On my right side, which is how I learnt as a kid, I tend to find that I don't balance in the water as well as when I breathe on the left (the side I forced to learn bilaterally in recent months).
Feels like my lead arm (left) goes down (I think that's a reflex in trying to push my head up), and I've worked on holding the stretch.
That didn't fix it. Still feels like I begind to sag in the water.
I have now been tinkering with pulling back further on with the right arm (because I started to cross compare) to getting a better roll and glide; this seems to be working a bit.
Does that make sense? Is cutting the pull short (in slower paced swims) likely to cause a sagging feeling?
Undoubtedly I have a bad habit well ingrained...and without a coach to look at my stroke it's a bit of "cat and mouse" for me to analyse.
I have books with drills etc but I want to try and ID the issue if I can.
Sprints are not such an issue...but there are less breaths and faster turnovers.
Any thoughts?
Thanks
Rich
Bilateral breathing is overrated.
I've been working a lot on my roll and arm extension lately. I think the main advantage of bilateral breathing is balance. If you can extend your arm and roll well enough, I'm beginning to doubt that taking a breath to your "weak" side is all that useful.
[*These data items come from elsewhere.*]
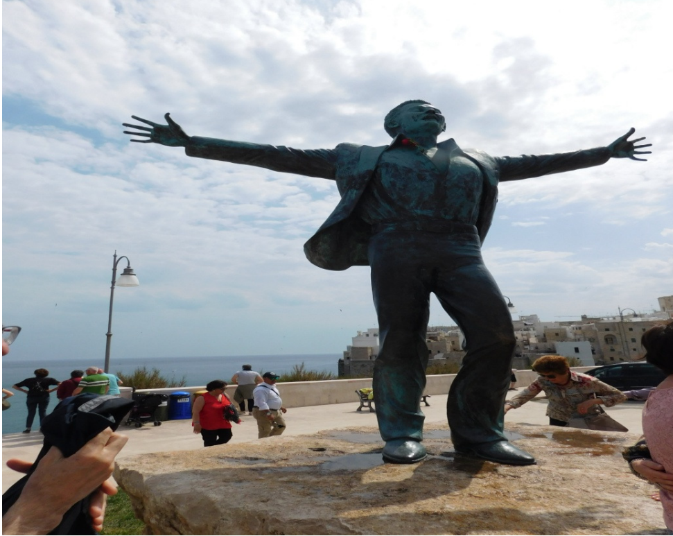
Polignano a mare: La statua di Domenico Modugno

Notiziario Gita in Puglia - Apr. Mag. 2018
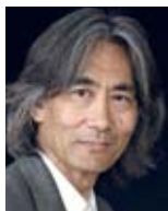
Kent Nagano (Musikalische Leitung)

gilt weltweit als einer der herausragenden Opern- und Konzertdirigenten. Er war Musikdirektor des Berkeley Symphony Orchestra, der Opéra National de Lyon, des Hallé Orchestra und der Los Angeles Opera sowie künstlerischer Leiter und Chefdirigent des Deutschen Symphonieorchesters Berlin. Von 2006 bis 2013 war er Generalmusikdirektor der Bayerischen Staatsoper. Seit 2006 ist Kent Nagano zudem Musikdirektor des Orchestre Symphonique de Montréal, seit 2013 auch Erster Gastdirigent der Götterberger Symphoniker. Er gastiert regelmäßig in allen wichtigen Musikmetropolen. Seit 2015/16 hat er aus Kalifornien stammende Dirigent das Amt des Hamburgischen Generalmusikdirektors inne. Er dirigierte hier u. a. die Premieren von Les Troyens , Stilles Meer , Lulu , La Passione , Die Frau ohne Schatten , Mahler 8 und Turungalila (Ballett).
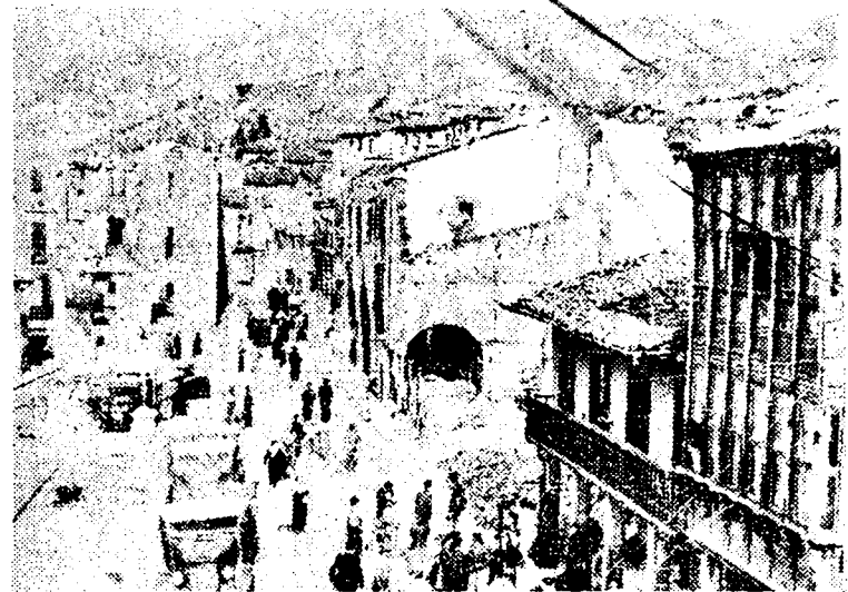
Potes, la señorial villa santanderina, sufrió los latigazos de la dinamita marxista. Véase un aspecto lamentable de la bella ciudad.

Las brigadas de zapadores trabajaban intensamente en la fortificación de las nuevas rectificaciones, que las hemos conseguido a punta de bayoneta, después de una tarea agobiadora e incansable por parte de aquellos animosos muchachos, que se han batido sin interrupción, algunas veces, durante las veinticuatro horas del día. Como el enemigo quisiera interrumpir aquellos trabajos, abandonaron el pico, y parapetados en las construcciones a las que estaban dedicados, respondieron enérgicamente a la agresión, rechazándola con bravo empuje y manteniendo la guardia en las mismas, relevando más tarde a todos los soldados, para que pudieran descansar después de tan continuos ataques.
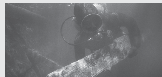
Recovery of a hull plank of the Machault (1969)

*Admission fees are currently being reviewed

If breathing on that side helps you roll and extend better though, then it's a benefit.
Skip Montanaro
Have you considered that your neck muscles might be more flexible on one side compared to the other? When turning to breathe on the less flexible side, you have to roll more and the stroke goes out of whack.
Yes, but it seemed to fix when I stroked back further...I was trying to guage whether the symptom and the remedy I discovered made sense to others. I have noone to look at my stroke and pin point it. Incidentally my range of motion is more restricted on the better side
Stud! Stud! Stud!
Breathing, is an easy fix, easy entry, balanced pull from the catch and finish. Make no splash when you recover and enter. The only stick needed is to stick at it. Have you seen my new video on my home page a very relaxed swim no splash.
Stud! Stud! Stud!
Breathing, is an easy fix, easy entry, balanced pull from the catch and finish. Make no splash when you recover and enter. The only stick needed is to stick at it. Have you seen my new video on my home page a very relaxed swim no splash.
It's just the dofference between right and left is confusing. I think I was cutting the pull short with my right so I wasn't rotating over. I'll check the video. My leftside breath feels great although I cannot judge what it looks like.
Over rated but very necessary for balance. Not to be done other than a few times for balance.
Also if my right side is my default and I am not doing it efficiently I want to fix it...
..ok then, I'm a pefectionist that wants the ability to do everything as symetrically as possible...
Hey, knock yourself out. It certainly won't do you any harm.